## YOUR TASK
Below are entries. Give back exactly the lines from the one containing "Das Dachgeschoss besticht" through the one containing "NC values for", inclusive, without the pictures.
***
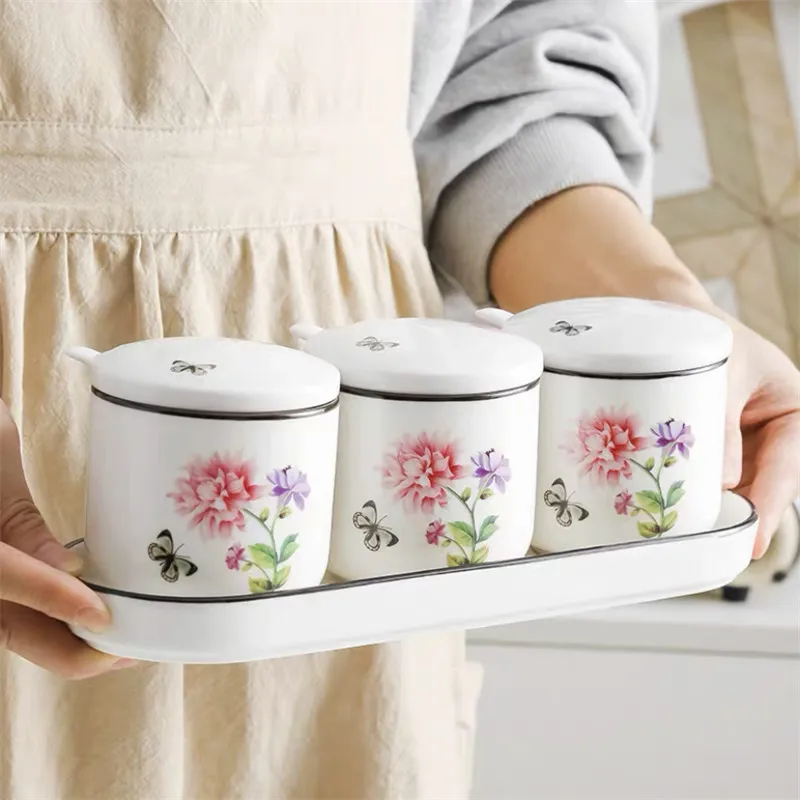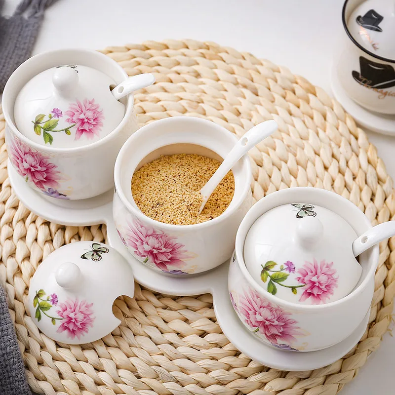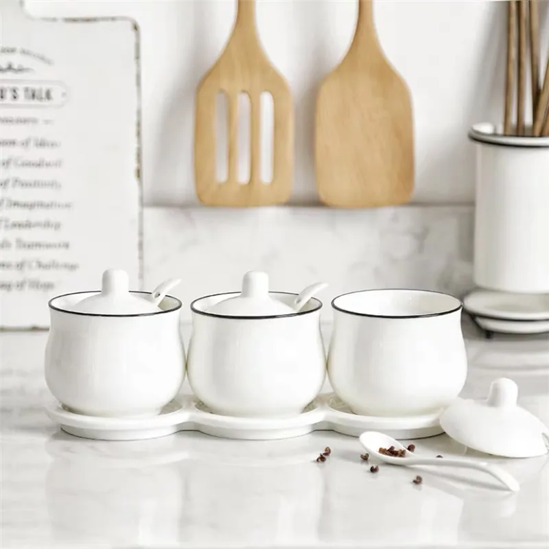 Европейский Керамика Приправа бутылки Кухня Пособия по кулинарии инструменты, емкости для хранения специй с ложкой крышкой и лоток контейнер для приправы сахар соль сахарница
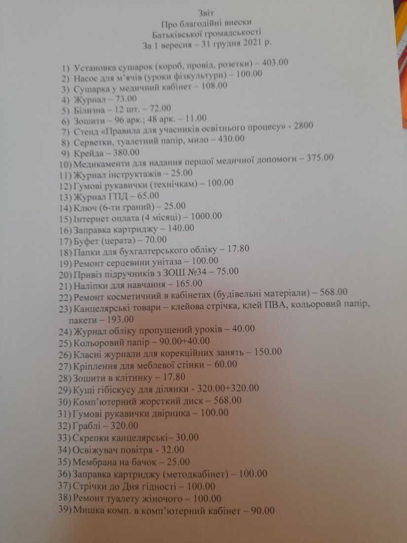 Звіт про використання благодійних внесків (літо 2021 року) з 01.06.2021 до 31.08.2021
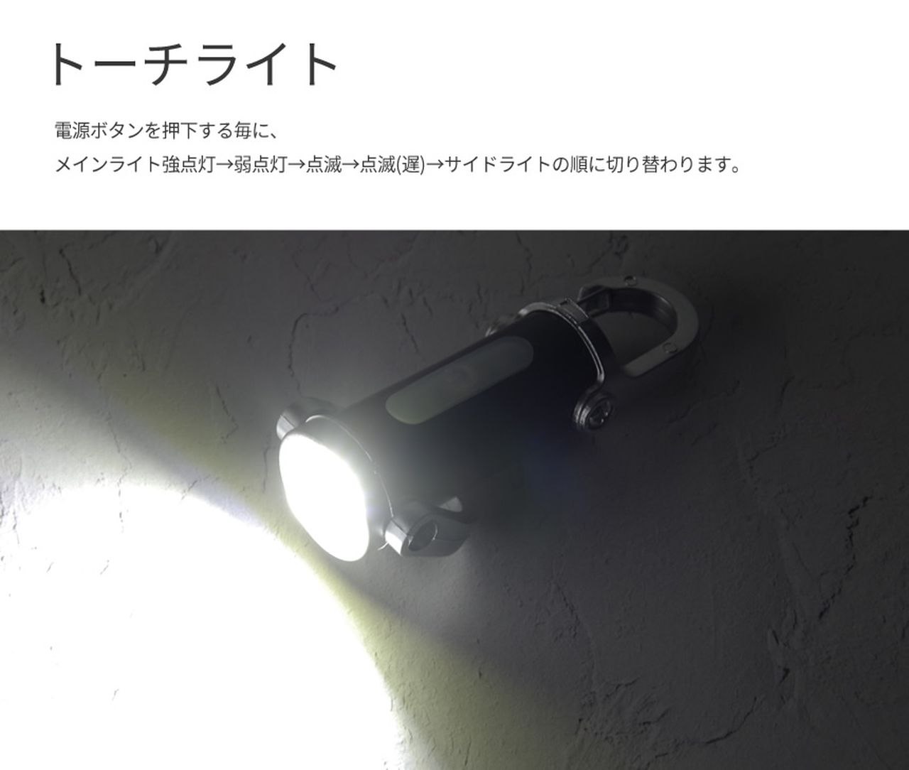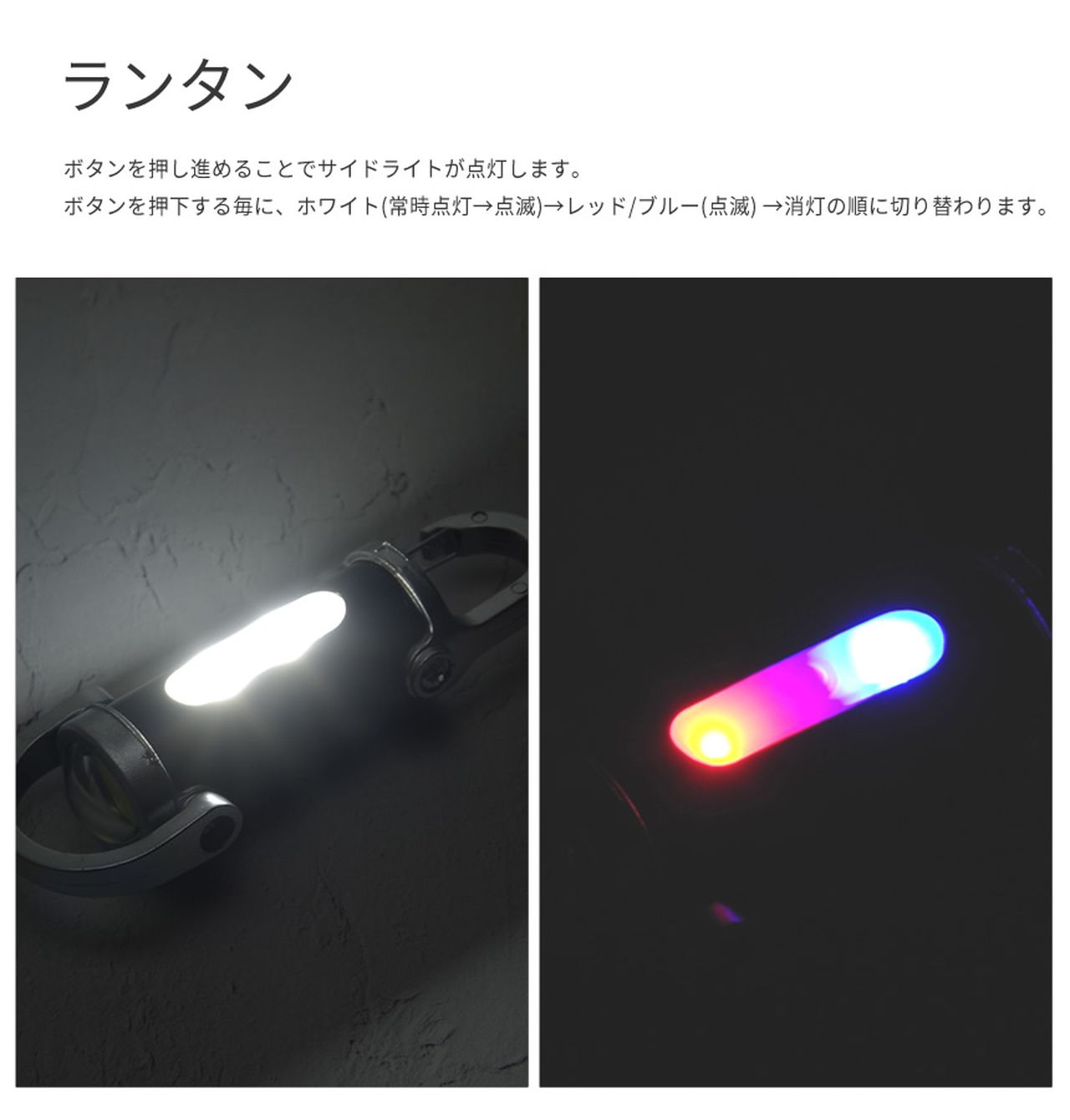 トーチライト、ランタンの2種類の点灯モードを搭載。
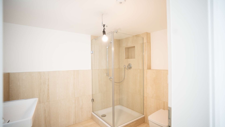 Das Dachgeschoss besticht durch einen über 40 m² großen Master-Bedroom mit Ankleide sowie ein luxuriöses Badezimmer im XXL-Format. Ergänzt wird diese Ebene durch ein weiteres Zimmer mit separatem Duschbad. Sämtliche Bäder wurden in Natursteinoptik mit eleganten weißen Sanitärobjekten und Fußbodenheizung ausgestattet. Für maximale Energieeffizienz sorgt eine neu installierte Luftwärmepumpe in Kombination mit einer Photovoltaikanlage.
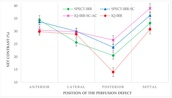 NC values for the lateral, posterior, and septal positions is visible compared to those for SPECT-IRR. Concerning the effect of lesion position on
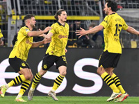 На этот раз Терзич с первых минут выпустил Брандта, оставив Нмечу на скамейке. Симеоне в отсутствие Лино отправил на левый фланг Аспиликуэту, а третьим в центр обороны вышел восстановившийся Эрмосо. Команды начали без раскачки. Уже на третьей минуте Адейеми прорвался по флангу и выдал прострел вдоль ворот, который замыкал с нескольких метров Забитцер, однако успел накрыть его удар из убойной позиции Аспиликуэта. Рюэрсон пробивал во второй волне атаки, но вновь накрыли – только угловой. После его подачи «Атлетико» ответил ещё более опасным выпадом – Витель закинул мяч вперед Гризманну, который скинул себе за спину на рывок Морате. Альваро убежал с середины поля один на один с Кобелем, подсек мяч над ним, но вышло рядом со штангой. Минутой позже Де Пауль отметился плотным ударом с линии штрафной по позиции Кобеля, уверенно поймавшего мяч. После бодрого старта игра чуть успокоилась, но уже к исходу трети тайма дортмундцы вновь наработали на опасный момент. Фюллькруг выиграл воздух после углового и бил с нескольких метров, но Облак справился, спровадив мяч обратно за лицевую. Теперь разыграли хозяева от флажка, и Брандт щелкнул с острого угла. Снова Облак сыграл надежно, и третий раз отправились «шмели» исполнять угловой. Фюллькруг выиграл воздух, сбросив мяч под удар Адейеми, который сильно пробил по позиции Облака. В целом «Боруссия» смотрелась более цельно, лучше контролировала мяч и регулярно провоцировала ошибки гостей при владении. Примерно по тому же сценарию, что в Мадриде, шло дело, но теперь с перевесом немецкого клуба. В редком выпаде на исходе получаса игрового времени Мората оказался на ударной позиции, но успел накрыть его Шлоттербек. Ответную атаку сорвал ценой «горчичника» Аспиликуэта. А пару минут спустя после выноса Молины «Боруссия» выиграла подбор, покатала мяч в центре, расставившись поудобнее, и Хуммельс вырезал шикарный заброс в штрафную. Брандт подработал, прокинул мимо Витселя и с острого угла прошил Облака. «Боруссия» не сбавляла оборотов. С дальним ударом Джана Облак справился, но все же через несколько минут после первого гола «шмели» в раздевалку забили второй. После аута опять же подготовили пространство сами себе хозяева серией передач накоротке, и рванул туда Забитцер, приняв и освободив свою зону Маатсену, которому и вернул мяч. Иан пробросил и хлестким ударом уложил мяч с острого угла в дальнюю «шестерку». Рюэрсон успел перед уходом на перерыв получить карточку за фол на Аспиликуэте, а уже в компенсированное время и Эрмосо схватил «горчичник» за снос Адейеми.
***
## TASK RESULT
 Das Dachgeschoss besticht durch einen über 40 m² großen Master-Bedroom mit Ankleide sowie ein luxuriöses Badezimmer im XXL-Format. Ergänzt wird diese Ebene durch ein weiteres Zimmer mit separatem Duschbad. Sämtliche Bäder wurden in Natursteinoptik mit eleganten weißen Sanitärobjekten und Fußbodenheizung ausgestattet. Für maximale Energieeffizienz sorgt eine neu installierte Luftwärmepumpe in Kombination mit einer Photovoltaikanlage.
 NC values for the lateral, posterior, and septal positions is visible compared to those for SPECT-IRR. Concerning the effect of lesion position on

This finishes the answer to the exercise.